What to produce
Transcribe word for word the section of the records below that opens with the line containing "HINT: Performing an" and closes with the line containing "Made of 100%"; drop every picture.

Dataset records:

* * * * *

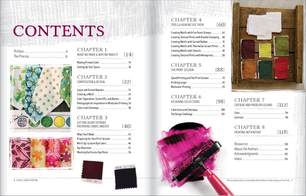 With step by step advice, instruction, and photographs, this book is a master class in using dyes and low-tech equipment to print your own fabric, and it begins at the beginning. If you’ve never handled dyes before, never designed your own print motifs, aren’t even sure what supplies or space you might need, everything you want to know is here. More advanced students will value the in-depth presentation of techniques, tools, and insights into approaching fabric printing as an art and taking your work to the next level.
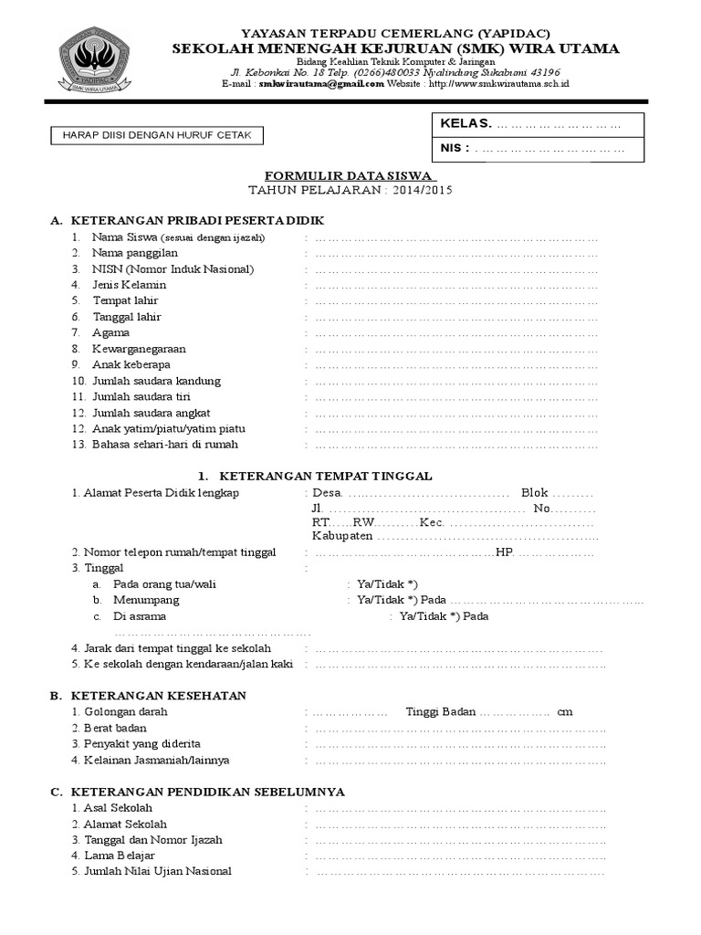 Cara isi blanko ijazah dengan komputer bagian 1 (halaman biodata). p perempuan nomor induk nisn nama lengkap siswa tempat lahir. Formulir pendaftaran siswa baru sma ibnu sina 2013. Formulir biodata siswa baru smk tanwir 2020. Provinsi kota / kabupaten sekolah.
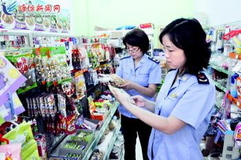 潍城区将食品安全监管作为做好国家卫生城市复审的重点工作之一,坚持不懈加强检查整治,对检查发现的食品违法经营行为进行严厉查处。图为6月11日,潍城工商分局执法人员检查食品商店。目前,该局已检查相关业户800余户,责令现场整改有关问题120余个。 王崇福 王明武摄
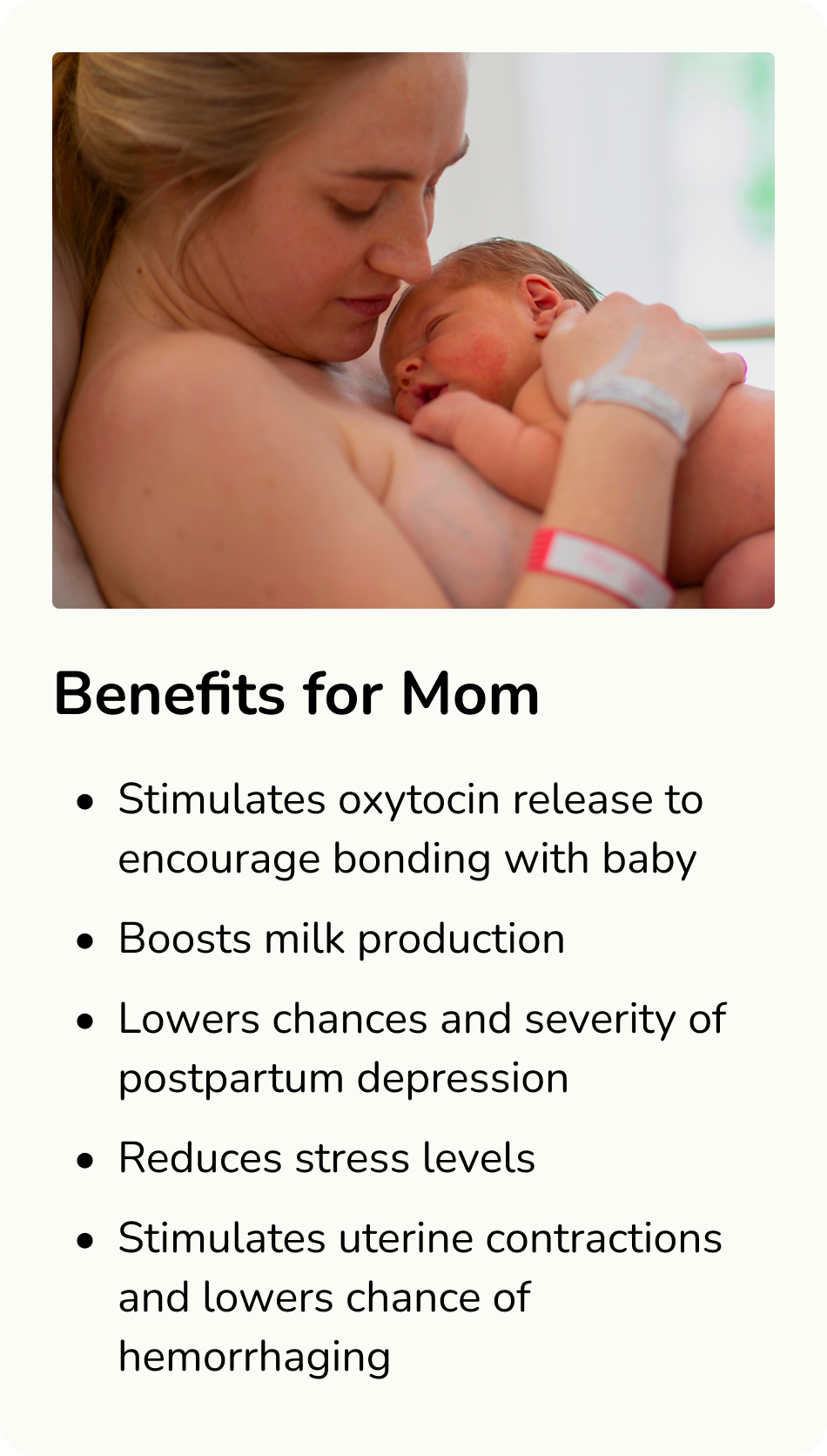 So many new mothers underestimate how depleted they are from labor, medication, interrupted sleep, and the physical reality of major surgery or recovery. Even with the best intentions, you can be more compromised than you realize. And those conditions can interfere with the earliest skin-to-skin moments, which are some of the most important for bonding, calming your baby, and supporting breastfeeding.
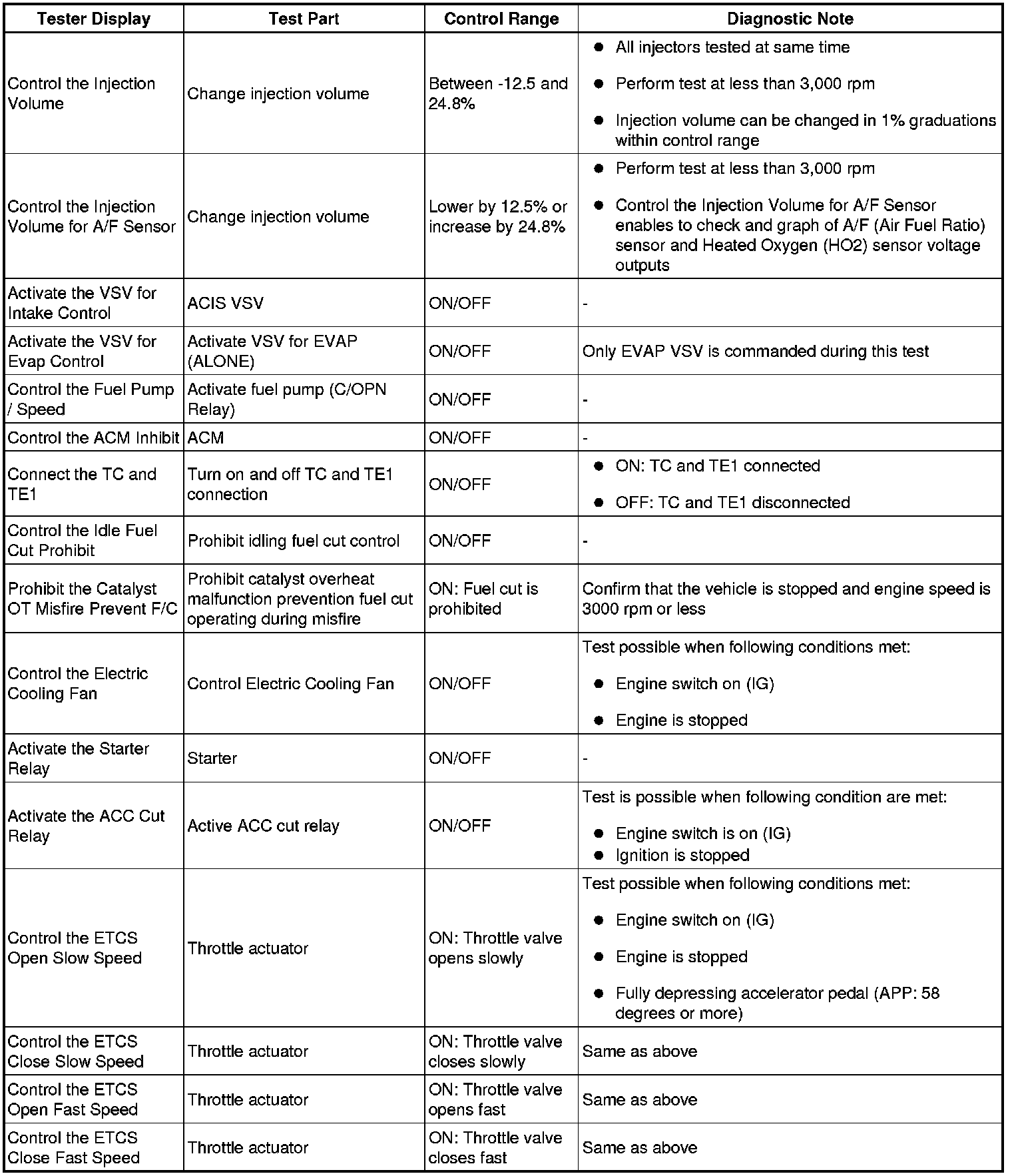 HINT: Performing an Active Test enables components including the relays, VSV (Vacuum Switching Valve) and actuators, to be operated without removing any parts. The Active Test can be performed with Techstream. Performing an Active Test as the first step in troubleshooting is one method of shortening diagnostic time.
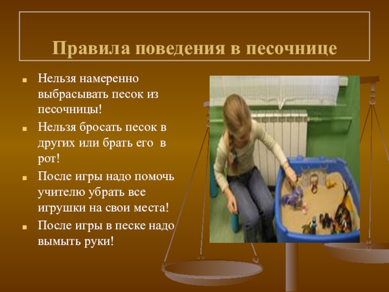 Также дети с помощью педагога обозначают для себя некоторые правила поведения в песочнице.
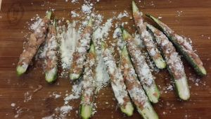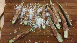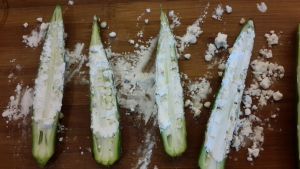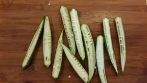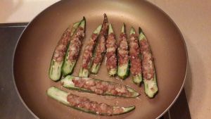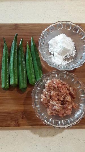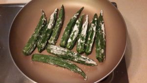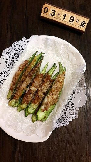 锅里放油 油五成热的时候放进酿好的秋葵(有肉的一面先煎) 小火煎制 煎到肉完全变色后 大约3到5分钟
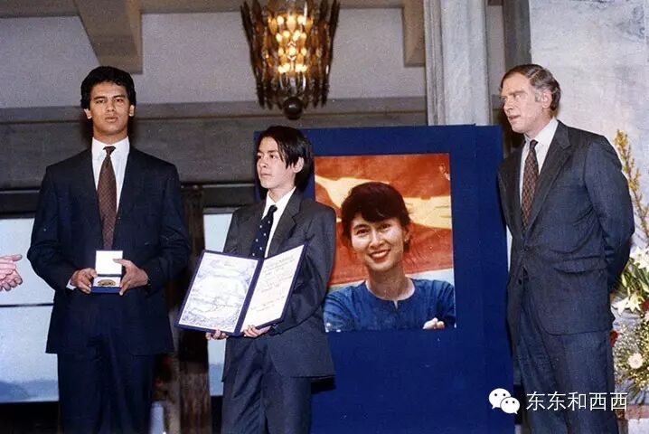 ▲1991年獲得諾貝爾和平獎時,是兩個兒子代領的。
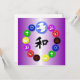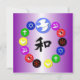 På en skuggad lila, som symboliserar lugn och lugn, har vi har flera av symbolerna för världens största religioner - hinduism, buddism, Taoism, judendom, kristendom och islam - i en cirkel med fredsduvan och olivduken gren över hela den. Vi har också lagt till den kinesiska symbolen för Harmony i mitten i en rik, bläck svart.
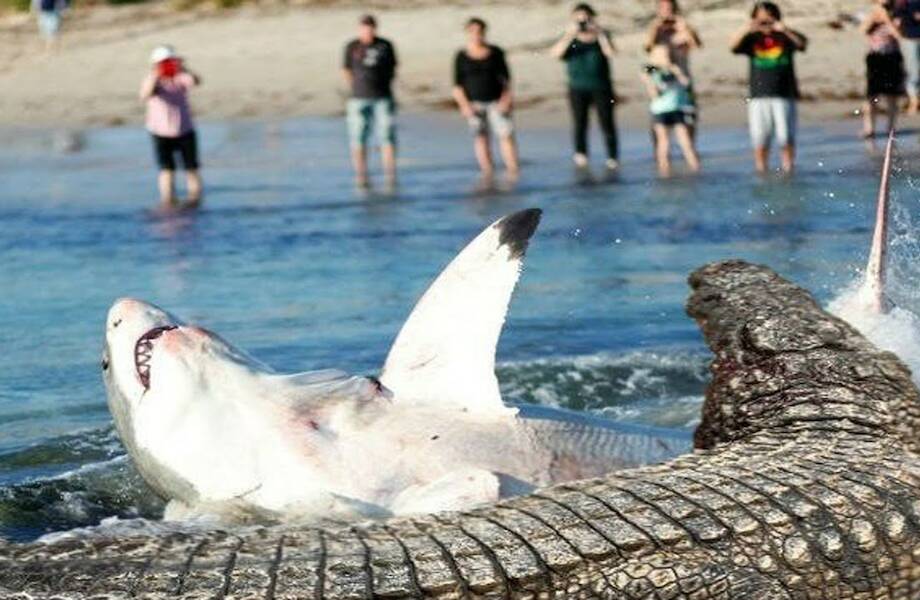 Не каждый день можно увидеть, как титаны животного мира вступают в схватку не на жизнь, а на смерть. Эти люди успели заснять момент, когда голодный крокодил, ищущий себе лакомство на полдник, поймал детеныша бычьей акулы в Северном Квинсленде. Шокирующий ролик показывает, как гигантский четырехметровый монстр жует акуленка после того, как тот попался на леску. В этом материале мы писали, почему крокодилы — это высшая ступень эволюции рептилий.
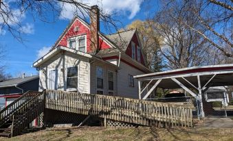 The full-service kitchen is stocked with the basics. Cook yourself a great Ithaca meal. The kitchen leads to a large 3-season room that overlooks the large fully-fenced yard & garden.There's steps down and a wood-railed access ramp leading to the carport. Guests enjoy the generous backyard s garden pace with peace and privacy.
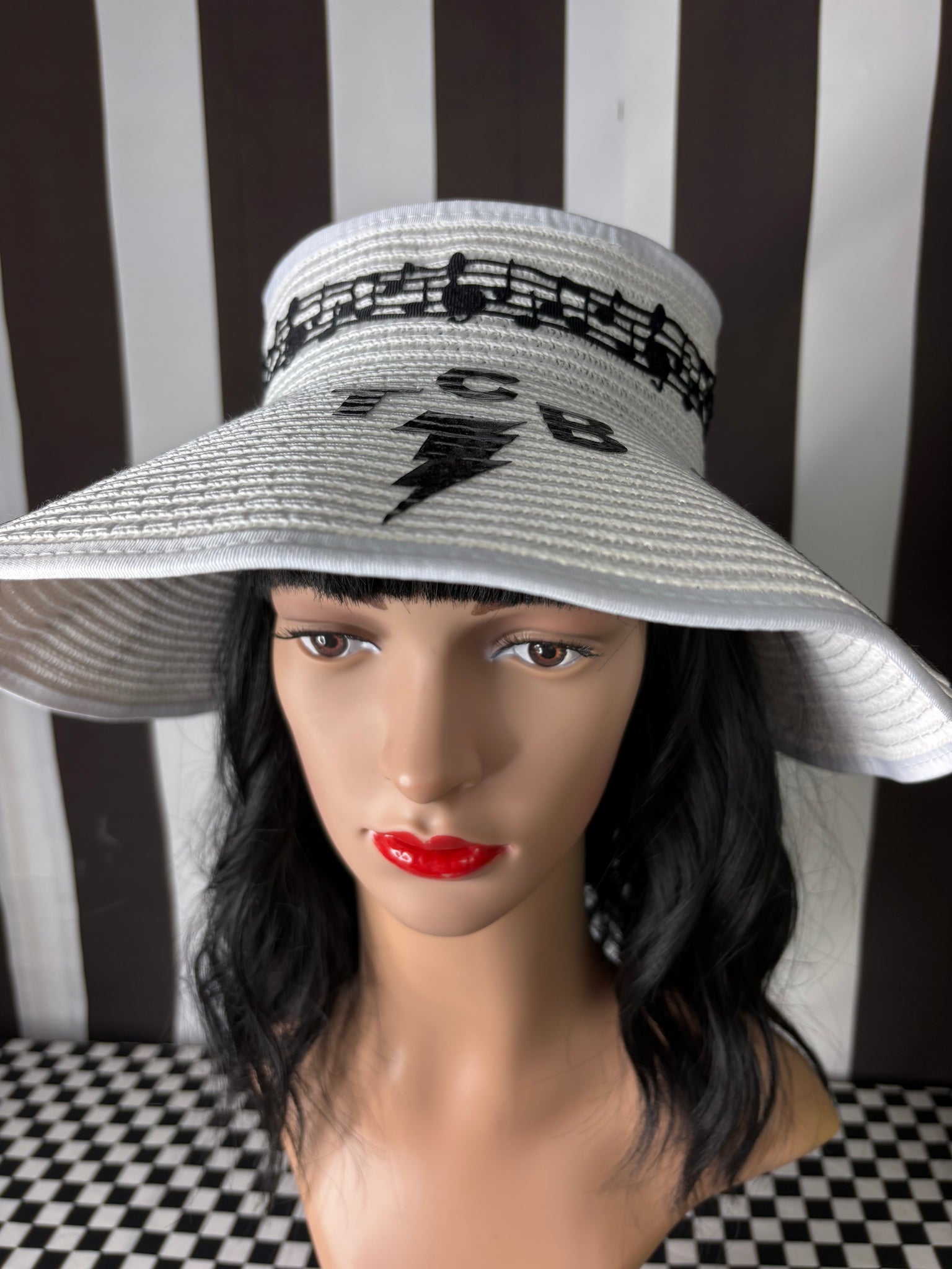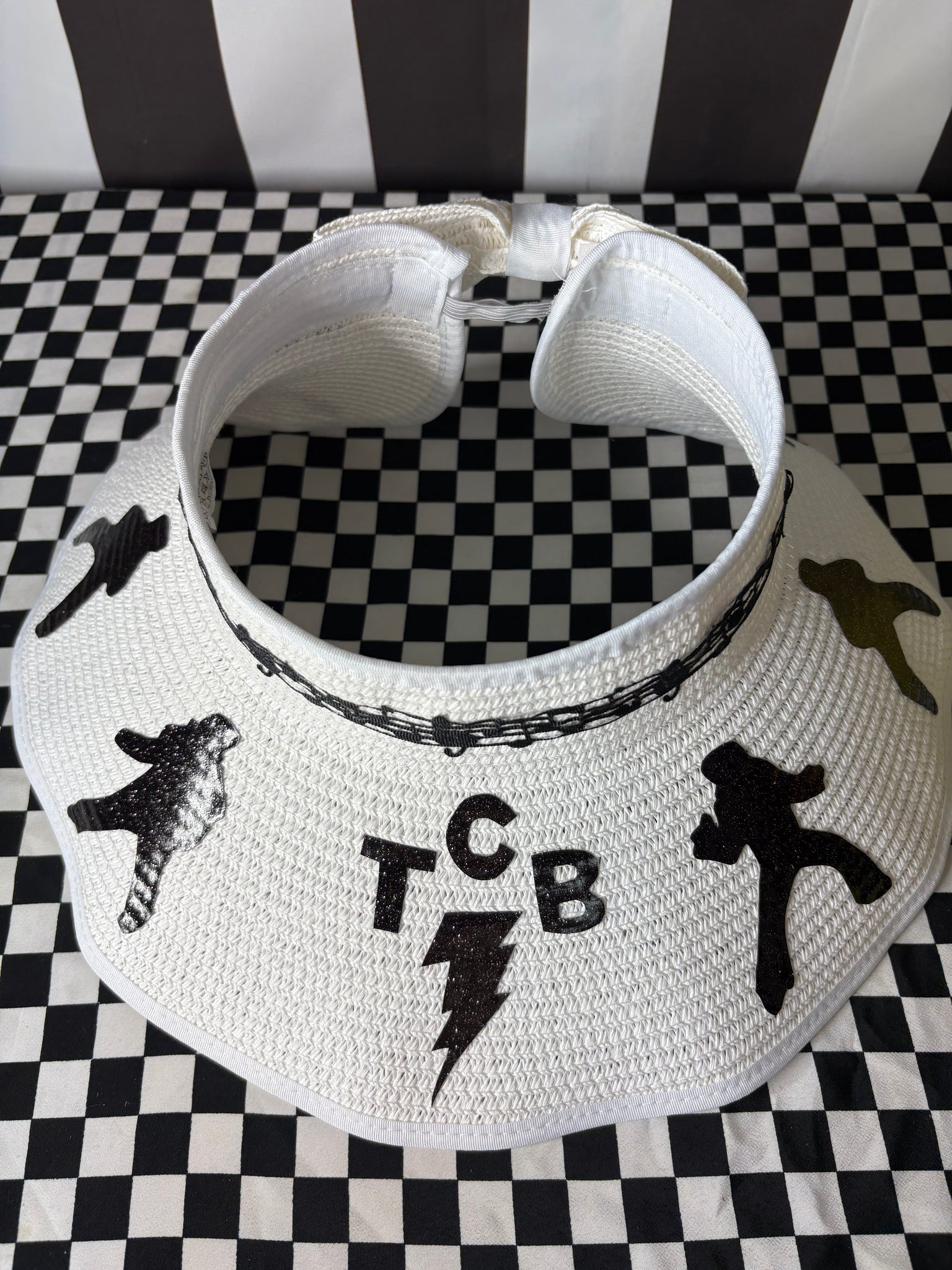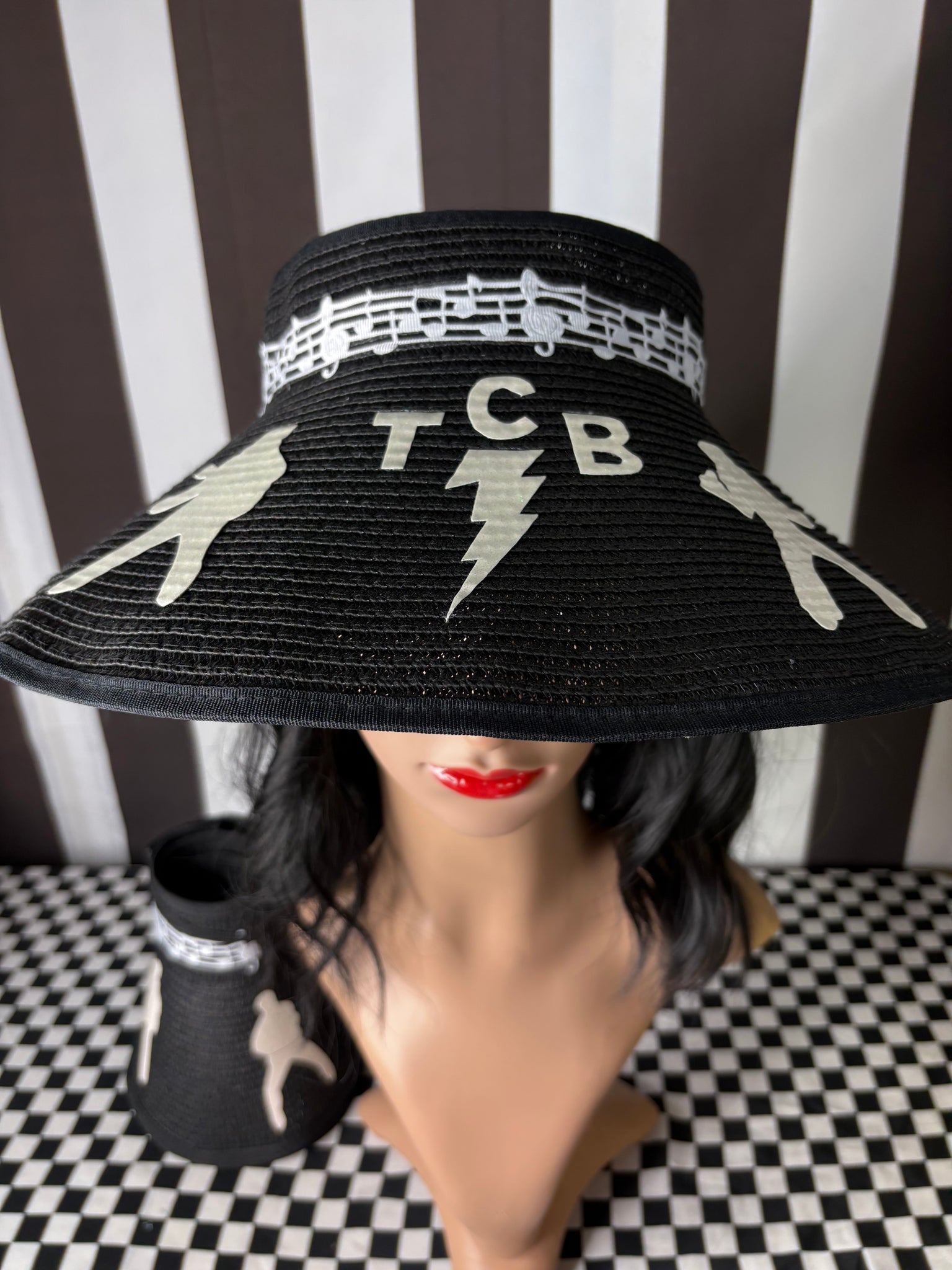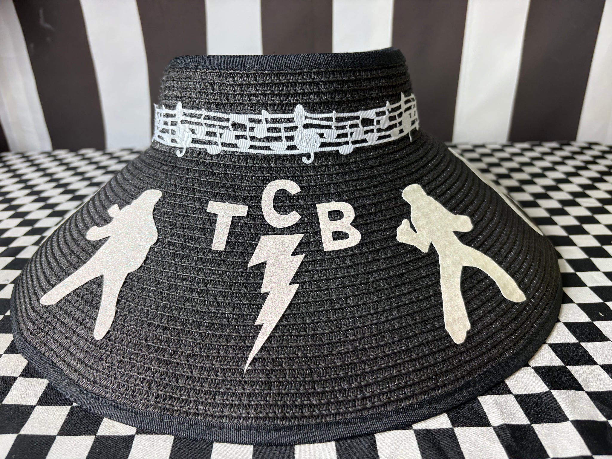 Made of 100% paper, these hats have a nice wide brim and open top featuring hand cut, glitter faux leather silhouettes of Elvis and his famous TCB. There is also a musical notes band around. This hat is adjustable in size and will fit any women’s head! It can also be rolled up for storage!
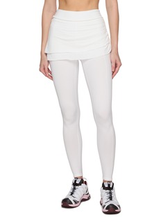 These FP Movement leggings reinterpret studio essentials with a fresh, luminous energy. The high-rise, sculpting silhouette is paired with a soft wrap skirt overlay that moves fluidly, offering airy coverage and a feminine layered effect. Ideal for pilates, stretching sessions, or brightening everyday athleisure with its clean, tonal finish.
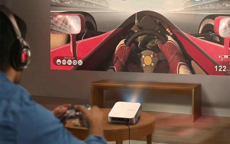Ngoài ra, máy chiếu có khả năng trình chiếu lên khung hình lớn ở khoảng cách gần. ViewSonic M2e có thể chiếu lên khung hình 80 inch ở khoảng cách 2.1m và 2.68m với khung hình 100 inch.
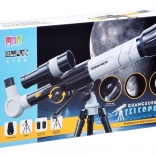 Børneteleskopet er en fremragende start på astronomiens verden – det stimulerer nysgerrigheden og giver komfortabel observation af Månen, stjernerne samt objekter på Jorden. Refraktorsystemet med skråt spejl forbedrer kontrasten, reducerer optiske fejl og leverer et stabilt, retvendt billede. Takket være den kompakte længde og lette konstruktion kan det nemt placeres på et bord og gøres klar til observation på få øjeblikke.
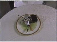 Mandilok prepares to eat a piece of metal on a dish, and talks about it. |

* * * * *

Expected answer
 HINT: Performing an Active Test enables components including the relays, VSV (Vacuum Switching Valve) and actuators, to be operated without removing any parts. The Active Test can be performed with Techstream. Performing an Active Test as the first step in troubleshooting is one method of shortening diagnostic time.
 Также дети с помощью педагога обозначают для себя некоторые правила поведения в песочнице.
 锅里放油 油五成热的时候放进酿好的秋葵(有肉的一面先煎) 小火煎制 煎到肉完全变色后 大约3到5分钟
 ▲1991年獲得諾貝爾和平獎時,是兩個兒子代領的。
 På en skuggad lila, som symboliserar lugn och lugn, har vi har flera av symbolerna för världens största religioner - hinduism, buddism, Taoism, judendom, kristendom och islam - i en cirkel med fredsduvan och olivduken gren över hela den. Vi har också lagt till den kinesiska symbolen för Harmony i mitten i en rik, bläck svart.
 Не каждый день можно увидеть, как титаны животного мира вступают в схватку не на жизнь, а на смерть. Эти люди успели заснять момент, когда голодный крокодил, ищущий себе лакомство на полдник, поймал детеныша бычьей акулы в Северном Квинсленде. Шокирующий ролик показывает, как гигантский четырехметровый монстр жует акуленка после того, как тот попался на леску. В этом материале мы писали, почему крокодилы — это высшая ступень эволюции рептилий.
 The full-service kitchen is stocked with the basics. Cook yourself a great Ithaca meal. The kitchen leads to a large 3-season room that overlooks the large fully-fenced yard & garden.There's steps down and a wood-railed access ramp leading to the carport. Guests enjoy the generous backyard s garden pace with peace and privacy.
 Made of 100% paper, these hats have a nice wide brim and open top featuring hand cut, glitter faux leather silhouettes of Elvis and his famous TCB. There is also a musical notes band around. This hat is adjustable in size and will fit any women’s head! It can also be rolled up for storage!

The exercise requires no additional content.